● Activity
Verbatim copy without pictures. Please print every entry as it stands.

● Records provided
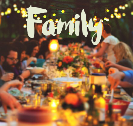 Airplane tickets, rental car and a hotel, all to surprise a niece who needed some love. That’s family. Sixteen people surrounding a table filled with taco fixings again on a Saturday…
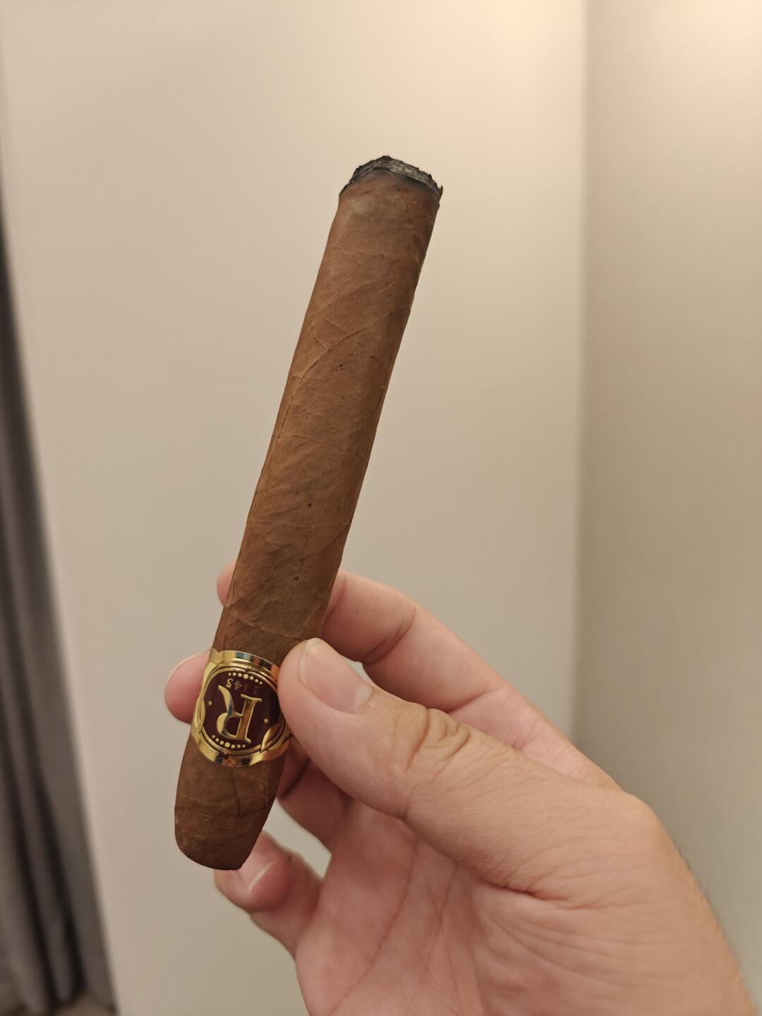 鱼雷茄剪起来和拿在手里总觉得有一种帮派的气质,剪开后冷抽有一股发酵味道,熟悉的古巴茄衣味。点燃后能品尝到花香和轻微的木甜,烟气量不大,非常柔和,过鼻也很舒服并且烟气闻着很舒服,过了一段后有一些淀粉的甜感。
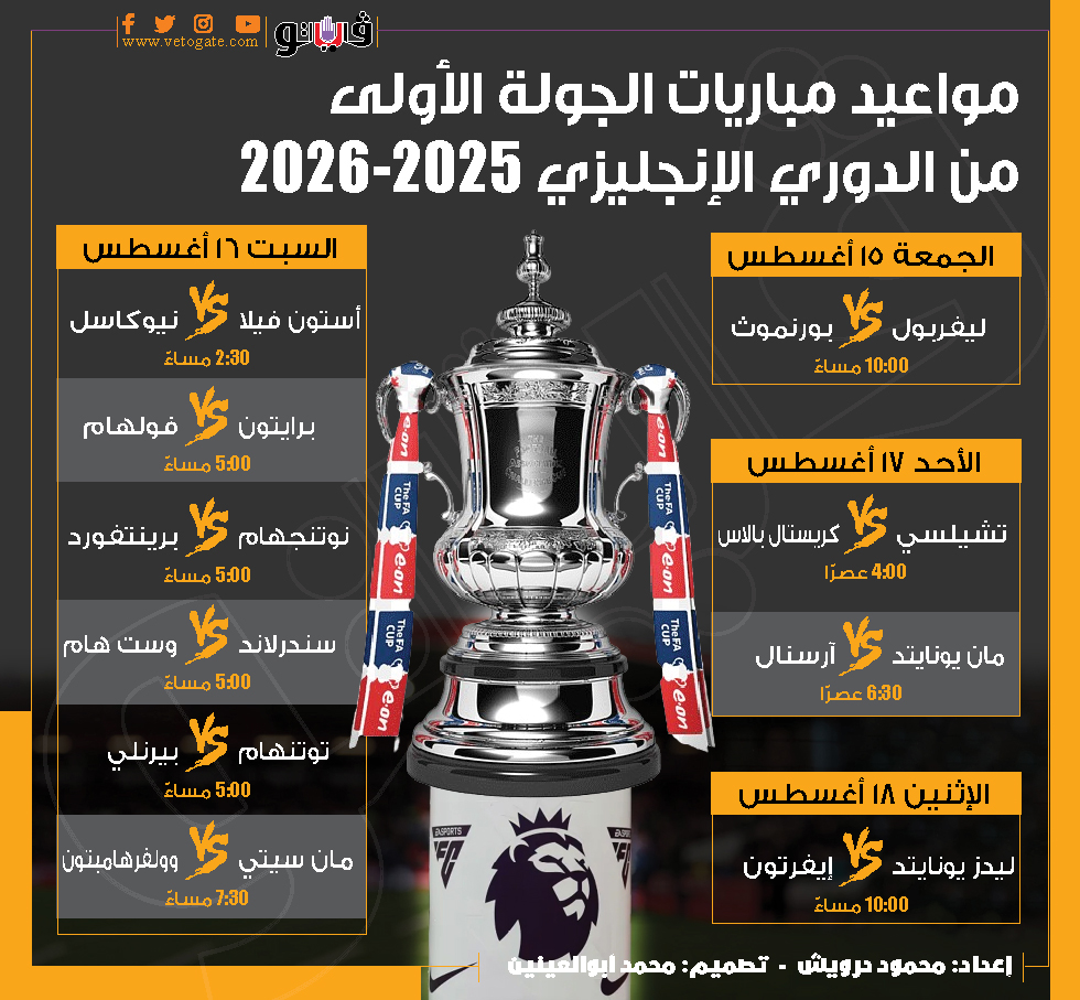 مواعيد مباريات الجولة الأولى من الدوري الإنجليزي 2025-2026 (إنفوجراف)
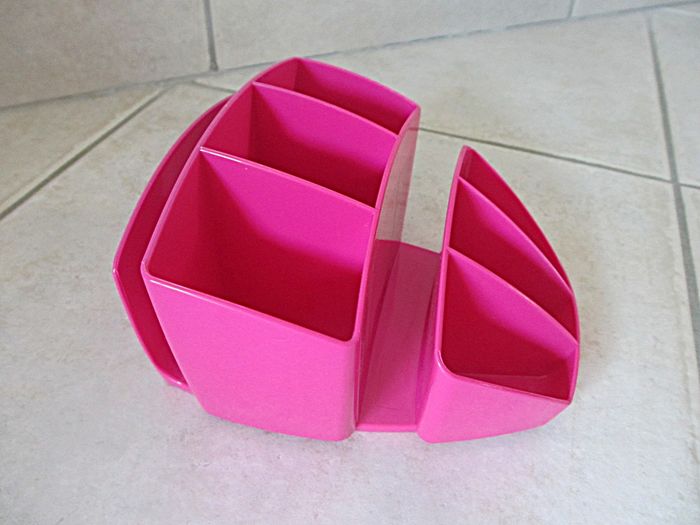 Multipot à crayons 8 compartiments Cep Permet de ranger tous les accessoires de bureau. Dimensions : largeur 14,5 cm x profondeur 15 cm x hauteur 8,5 cm. Très bon état (petites taches d’encre au fond de 2 compartiments : voir photos).
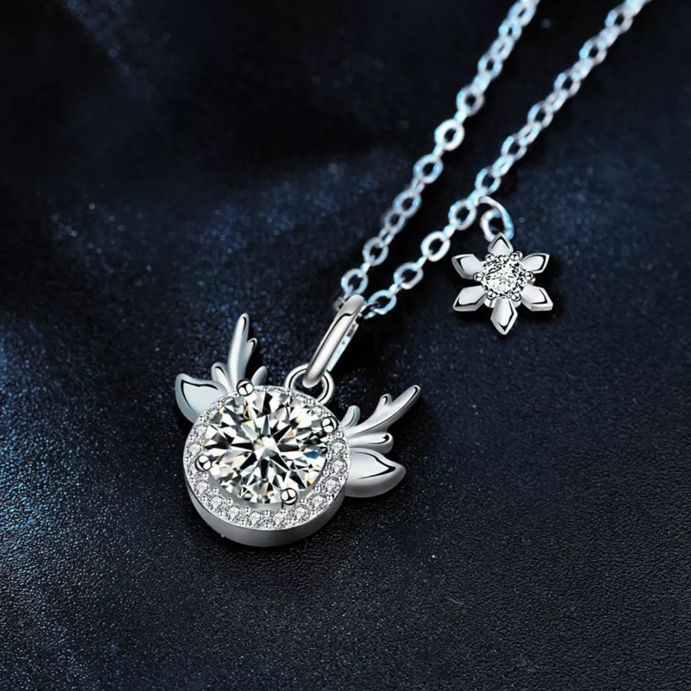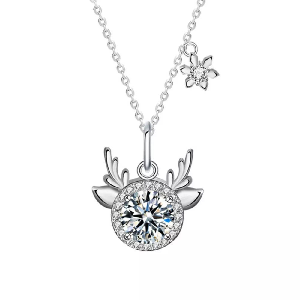 1 Carat Moissanite 925 Sterling Silver Deer Antler Pendant Necklace

● Result for this exercise
 Airplane tickets, rental car and a hotel, all to surprise a niece who needed some love. That’s family. Sixteen people surrounding a table filled with taco fixings again on a Saturday…
 鱼雷茄剪起来和拿在手里总觉得有一种帮派的气质,剪开后冷抽有一股发酵味道,熟悉的古巴茄衣味。点燃后能品尝到花香和轻微的木甜,烟气量不大,非常柔和,过鼻也很舒服并且烟气闻着很舒服,过了一段后有一些淀粉的甜感。
 مواعيد مباريات الجولة الأولى من الدوري الإنجليزي 2025-2026 (إنفوجراف)
 Multipot à crayons 8 compartiments Cep Permet de ranger tous les accessoires de bureau. Dimensions : largeur 14,5 cm x profondeur 15 cm x hauteur 8,5 cm. Très bon état (petites taches d’encre au fond de 2 compartiments : voir photos).
 1 Carat Moissanite 925 Sterling Silver Deer Antler Pendant Necklace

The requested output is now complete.